§ **Work task**
In the entries that follow, the lines from the one with "- Общая площадь: 46 м²" through the one with "rutor.org :: Свободный" are the ones to write out, exactly and with both ends included. Nothing else should appear.

[Data excerpts Boundary: Start]

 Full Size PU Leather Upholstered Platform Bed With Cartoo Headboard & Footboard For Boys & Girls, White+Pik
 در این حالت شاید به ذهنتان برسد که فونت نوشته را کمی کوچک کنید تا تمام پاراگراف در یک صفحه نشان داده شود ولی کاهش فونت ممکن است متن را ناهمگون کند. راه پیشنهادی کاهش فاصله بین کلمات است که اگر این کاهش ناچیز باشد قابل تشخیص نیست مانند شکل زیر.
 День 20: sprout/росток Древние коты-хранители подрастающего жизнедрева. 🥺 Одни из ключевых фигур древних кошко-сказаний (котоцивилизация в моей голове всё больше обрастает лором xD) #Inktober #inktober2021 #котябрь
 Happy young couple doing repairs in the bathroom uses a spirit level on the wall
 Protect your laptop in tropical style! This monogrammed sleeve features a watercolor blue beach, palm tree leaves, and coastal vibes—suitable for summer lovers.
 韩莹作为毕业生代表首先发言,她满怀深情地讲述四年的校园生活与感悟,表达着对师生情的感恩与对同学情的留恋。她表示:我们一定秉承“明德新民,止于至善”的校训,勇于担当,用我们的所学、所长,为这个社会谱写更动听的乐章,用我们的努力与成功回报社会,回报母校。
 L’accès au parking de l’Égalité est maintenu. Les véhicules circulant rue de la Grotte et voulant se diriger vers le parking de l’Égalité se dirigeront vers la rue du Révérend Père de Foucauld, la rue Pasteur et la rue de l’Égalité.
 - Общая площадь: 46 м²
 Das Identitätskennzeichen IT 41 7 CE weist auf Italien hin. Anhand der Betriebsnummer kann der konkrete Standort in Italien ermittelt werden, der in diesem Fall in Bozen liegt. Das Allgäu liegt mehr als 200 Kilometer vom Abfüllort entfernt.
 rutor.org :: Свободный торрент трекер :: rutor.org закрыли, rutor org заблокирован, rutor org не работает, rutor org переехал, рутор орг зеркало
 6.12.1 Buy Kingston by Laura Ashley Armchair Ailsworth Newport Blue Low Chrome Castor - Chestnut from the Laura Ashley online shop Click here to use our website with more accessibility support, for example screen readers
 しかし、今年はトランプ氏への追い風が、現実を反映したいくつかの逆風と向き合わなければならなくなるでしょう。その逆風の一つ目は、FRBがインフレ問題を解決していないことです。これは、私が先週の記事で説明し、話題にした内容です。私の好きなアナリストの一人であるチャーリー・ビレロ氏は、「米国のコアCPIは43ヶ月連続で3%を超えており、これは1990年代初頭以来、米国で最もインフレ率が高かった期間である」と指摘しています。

[Data excerpts Boundary: End]

§ **Task output**
 - Общая площадь: 46 м²
 Das Identitätskennzeichen IT 41 7 CE weist auf Italien hin. Anhand der Betriebsnummer kann der konkrete Standort in Italien ermittelt werden, der in diesem Fall in Bozen liegt. Das Allgäu liegt mehr als 200 Kilometer vom Abfüllort entfernt.
 rutor.org :: Свободный торрент трекер :: rutor.org закрыли, rutor org заблокирован, rutor org не работает, rutor org переехал, рутор орг зеркало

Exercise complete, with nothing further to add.